Analysis of Y chromosome haplogroup frequencies, conducted by the method of principal components in the Bashkir subpopulations and populations of Europe and Asia showed that the first two components explain up to 41.3% of genetic diversity. Bashkir subpopulations do not form a distinct cluster, and distributed on the graph between the populations of Siberia, Eastern Europe and the Middle East. Most similar to Asian populations Orenburg (east) and sterlibashevskie Bashkirs. It is also interesting to note that gayninskie and baymakskie Bashkirians were next on the schedule. This location on the chart due to the high frequency of haplogroup R1b3 in these populations that may have resulted from genetic drift in them in conditions of prolonged isolation [Kuzeyev 1974; Yusupov, 2006].

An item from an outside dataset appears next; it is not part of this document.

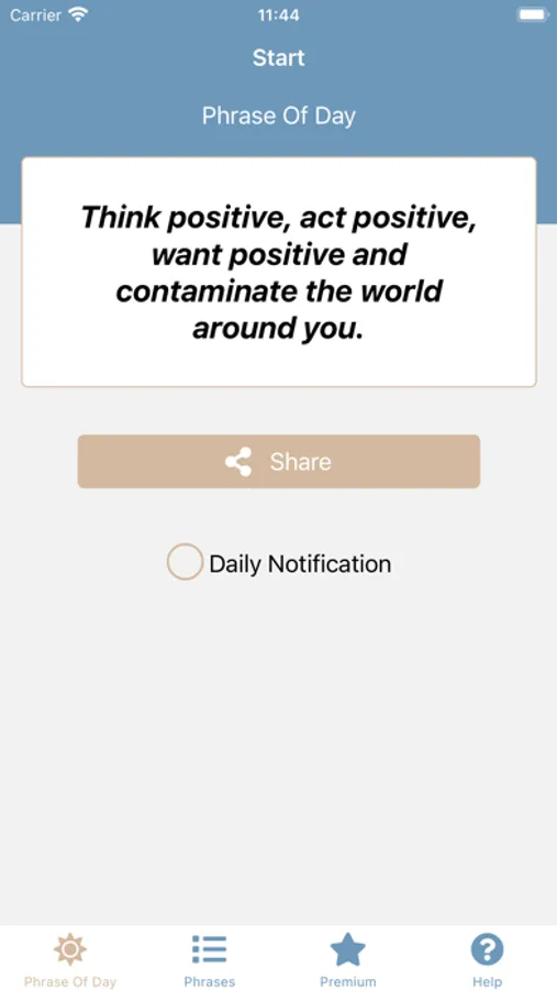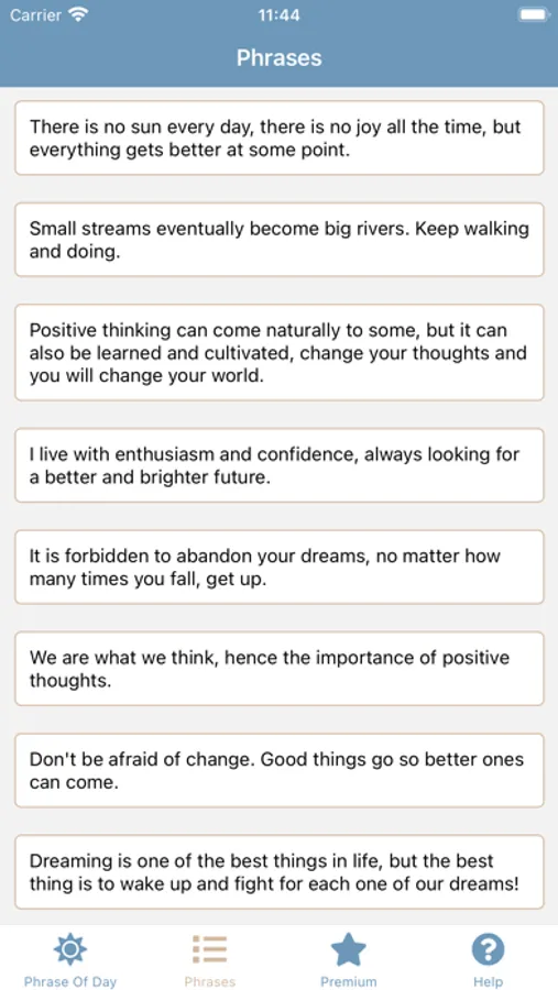 Every day, a random phrase of the day is selected to offer a new perspective on life, challenges, and accomplishments. The phrases are carefully selected to offer words of encouragement and hope, helping users to overcome difficulties and move forward.
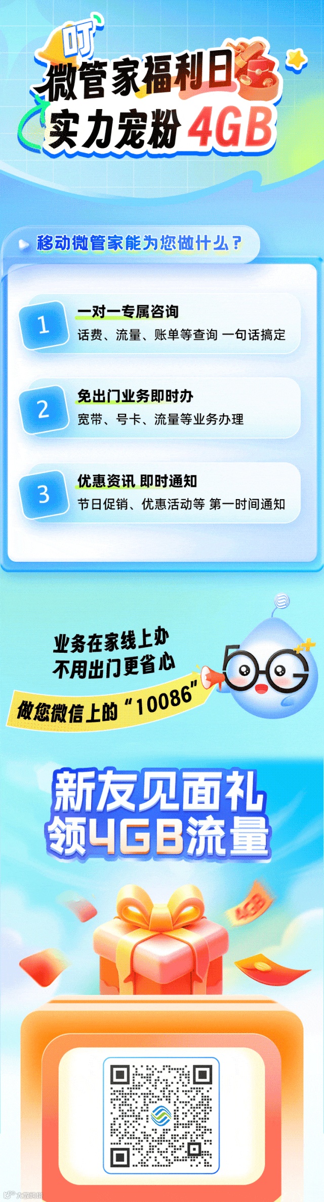 河北移动官方公众号,查流量、查话费、查积分,各种优惠活动停不下来,现在还可以线上选号,要记得关注哦! 经营许可证编号:A1.A2-20090001、A2.B1.B2-20100001

In general, the data on the system of three molecular genetic markers formed the complete picture of genetic relationships among subpopulations Bashkir and other peoples of the world. Different marker system greatly complement each other, providing separate information on paternal and maternal contribution to the genetic history of populations of Bashkir. It should be noted that the genetic structure of the Bashkir subpopulations obtained by analysis of Y chromosomes, reveals significant differences as the results of the mtDNA data and the results obtained from data on the frequency distribution of Alu insertions. These differences are explained as different effective population sizes (when compared to single parental markers Alu insertion type) and the phenomenon patrilokal ARRANGEMENTS (when comparing the Y chromosome and mtDNA), as well as the pressure of multiple demographic factors at different stages in the formation of this ethnic group that has influenced contemporary appearance of subpopulations of Bashkir.
Also keep in mind that we can observe and describe, respectively, only events that left an imprint in the genes of modern populations and that part of demographic events were inevitably wiped off the genetic picture of populations.